Des diplomates américains rencontrent les nouveaux dirigeants de Syrie
Des diplomates américains sont arrivés vendredi en Syrie pour rencontrer les nouvelles autorités, dominées par des islamistes radicaux, avec pour objectif de les encourager à réunifier le pays après 13 ans d'une guerre civile sanglante.
La chute de Bachar al-Assad le 8 décembre a mis fin à un demi-siècle de règne sans partage du clan Assad et de répression, mais soulève de multiples doutes sur le respect des droits humains, la situation des minorités dans un pays profondément morcelé et l'avenir des régions kurdes semi-autonomes du nord de la Syrie.
Les femmes sont "absolument indispensables" pour reconstruire la Syrie, a affirmé vendredi la directrice générale de l'Organisation internationale pour les migrations (OIM), une agence de l'ONU, Amy Pope.
Jeudi, des centaines de personnes ont manifesté à Damas pour la démocratie et les droits des femmes.
"L'ère du silence est révolue. Nous serons à l'affût de toute position qui porterait préjudice aux femmes et ne l'accepterons pas", a assuré Majida Moudarres, une manifestante de 50 ans.
Au même moment, des milliers de personnes manifestaient à Qamichli, dans le nord-est, en soutien aux forces kurdes qui tentent de repousser des offensives de combattants soutenus par la Turquie, alliée du nouveau pouvoir.

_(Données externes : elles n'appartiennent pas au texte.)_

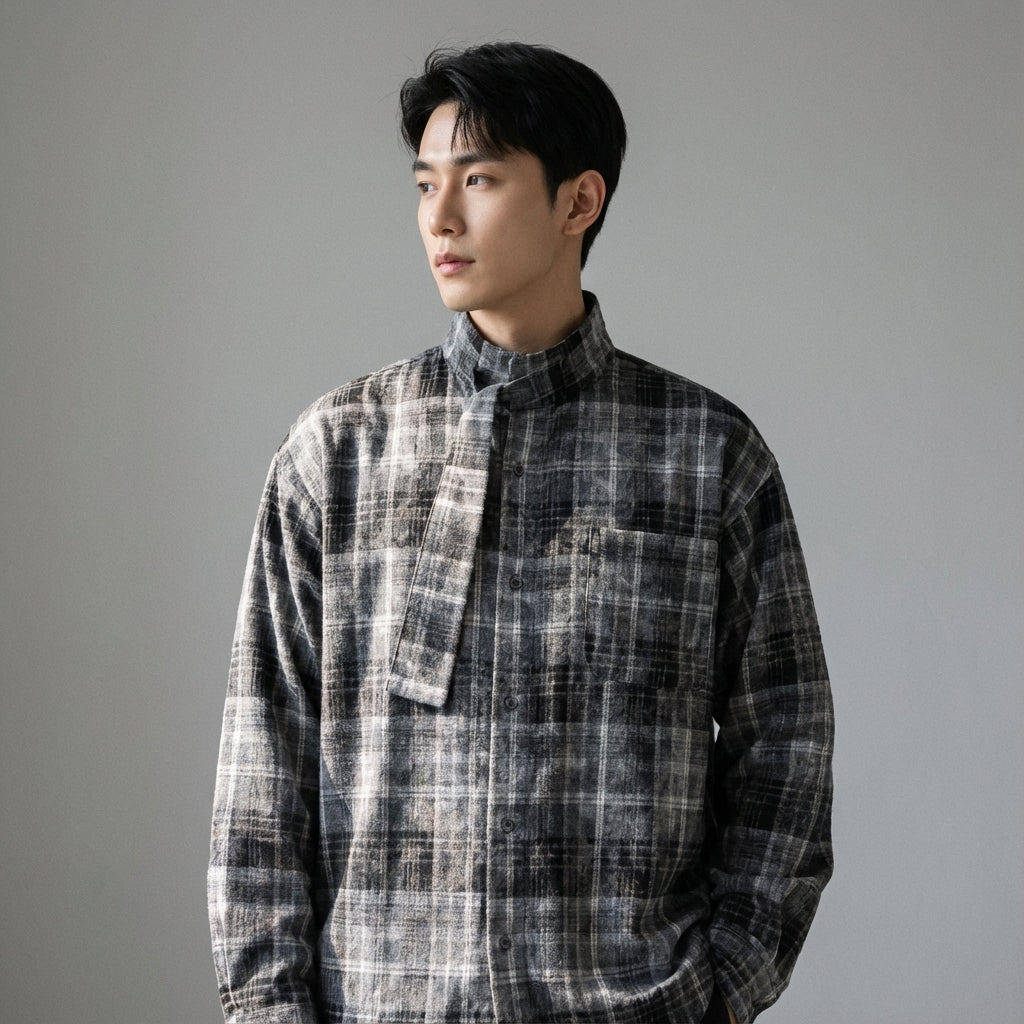 - Styl: Streetwear, Vintage, Ležérní, K-fashion. Tato košile kombinuje estetiku streetwearu s vintage a ležérním nádechem, velmi oblíbeným v korejské módě.

"Nous voulons une Syrie démocratique, où chacun a ses droits", a déclaré Salha Kalach, une Kurde de 50 ans.
Des habitants de la capitale ont reçu sur leur téléphone portable des messages adressés au "peuple de Damas, ville de jasmin", les invitant à participer vendredi au "festival de la libération" sur la place des Omeyyades, au coeur de la ville.
- "Un moment historique" -
Les émissaires américains sont arrivés vendredi au siège d'Ahmad al-Chareh, de son nom de guerre Abou Mohammad al-Jolani, le nouvel homme fort de la Syrie, chef du groupe islamiste radical Hayat Tahrir al-Sham (HTS) classé comme terroriste par plusieurs pays dont les Etats-Unis.
Ils doivent aussi rencontrer des représentants de la société civile pour discuter "de leur vision de l'avenir de leur pays et de la manière dont les Etats-Unis peuvent les soutenir", selon le département d'Etat.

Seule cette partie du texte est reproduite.